Michael's Notes: If you like my version of Chicken Milanese, and I know you will, try the same method on pounded veal, turkey breasts or on very thin swordfish steaks.
Preheat oven to 450 degrees F.
Line a baking sheet with aluminum foil. Brush the bell peppers lightly with olive oil and place on the baking sheet. Bake, turning every 10 to 15 minutes, until the peppers are blistered all over, about 30 minutes total. Transfer the peppers to a brown paper bag, and close tightly so they steam as they cool. You can roast the peppers under the broiler or over a gas flame, if you prefer, but I like to do them in a hot oven. It takes a little longer, but you don't have to monitor them as closely.
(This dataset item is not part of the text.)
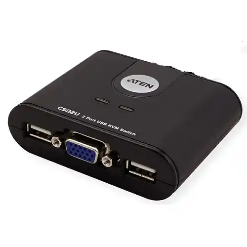 The compact CS22U allows quick switching between 2 VGA-interfaced PCs via one KVM console and flexible media sharing via the console USB ports, which helps to expand desktop workspace while keeping it tidy and organized for improved productivity.

While peppers are steaming, heat the 2 tablespoons olive oil in a small skillet over high heat. Add the whole chiles, lower the heat to moderate, and cook, turning occasionally, until the chiles are softened, lightly browned, and blistered on all sides, about 8 to 10 minutes. Remove the skillet from the heat and let the chilies cool in the oil for several minutes. When cool enough to handle, remove the stems.
Add more oil to the skillet, if needed, to make 2 tablespoons. Reheat the oil over moderate heat and add the garlic. Cook until lightly browned, about 30 seconds, then add the oregano and saute briefly to release its fragrance. Add the tomato puree and salt, bring to a simmer, and simmer for about 5 minutes to thicken slightly.
Remove peppers from bag, peel and remove the stems, seeds, and ribs; avoid the temptation to rinse the peppers, which would wash away flavor. You should have about 4 cups.
Combine the red peppers, serrano chiles, and tomato sauce in a blender and puree until smooth. Add the vinegar and the black pepper to taste and puree again. Taste and adjust the seasoning. Refrigerate for up to 5 days or freeze for up to 4 months.